Saturday 27 July 2019

Caroline Polachek - Parachute


For over 10 years, Caroline Polachek was the singer for synth-pop outfit Chairlift. Beyond that role, she spent years quietly making a name for herself as a talented songwriter. Her eye-opening raft of songwriting credits include collaborations with: Beyoncé, Travis Scott, Beach Fossils, and Charli XCX, among others. She has been widely featured as a singer, including on albums by Blood Orange, Washed Out, and SBTRK.

Now she is preparing to release Pang - her first solo album under her own name. Two singles have been released so far - “Parachute” and “Ocean of Tears”. After spending time working with giants and catching an oblique corner of the spotlight, here Polachek emerges fully formed, a pop artist with a singular sound. Phantoms of collaborators – like Charli XCX – and of others she presumably hasn’t encountered – Bjork(?) – resound in these tracks, but Polachek’s sound is by no means reducible to such influences.

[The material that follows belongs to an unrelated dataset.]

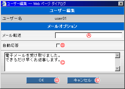 ユーザーアカウントの編集では、転送メール、自動返答メールなどのメールオプションの設定もできます。

“Parachute” excites me most. Devoid of percussion, it is a ballad that sees Polachek taking risks, slowly advancing through a lengthy, complex melody. Nobody would call the melody ‘catchy’; in fact, it takes so long cycle back around that you have a slight sense of dislocation, as though each new moment is entirely new, only bound to what came before by a thin, transparent tether. You won’t be surprised by her press-release statement that when she wrote the melody she was “unintentionally retelling a dream [she’d] been shaken by”.

Opening with with spare synths, the ballad slowly, assuredly builds in its intensity. Her vocals are characterized by off-kilter leaps, and by rapid runs that flit from note-to-note with such pace that they lend an inorganic feeling. Her producer Danny L Harle has also collaborated with SOPHIE (in writing for Superfruit), and the vocal production in these runs gives off a SOPHIE-esque twinkle, but this dissipates in the prevailing impression of sincerity; Polachek’s dreams are not that plastic. Treading the difficult line between the emotive and the artificial, Polachek does not stumble, and as the melody reaches its peak, we are pulled towards the sky. Gravity flips. We soar skywards in a weather balloon.

With this unique and daring piece of avant-garde pop balladry, I am waiting in anticipation for the album.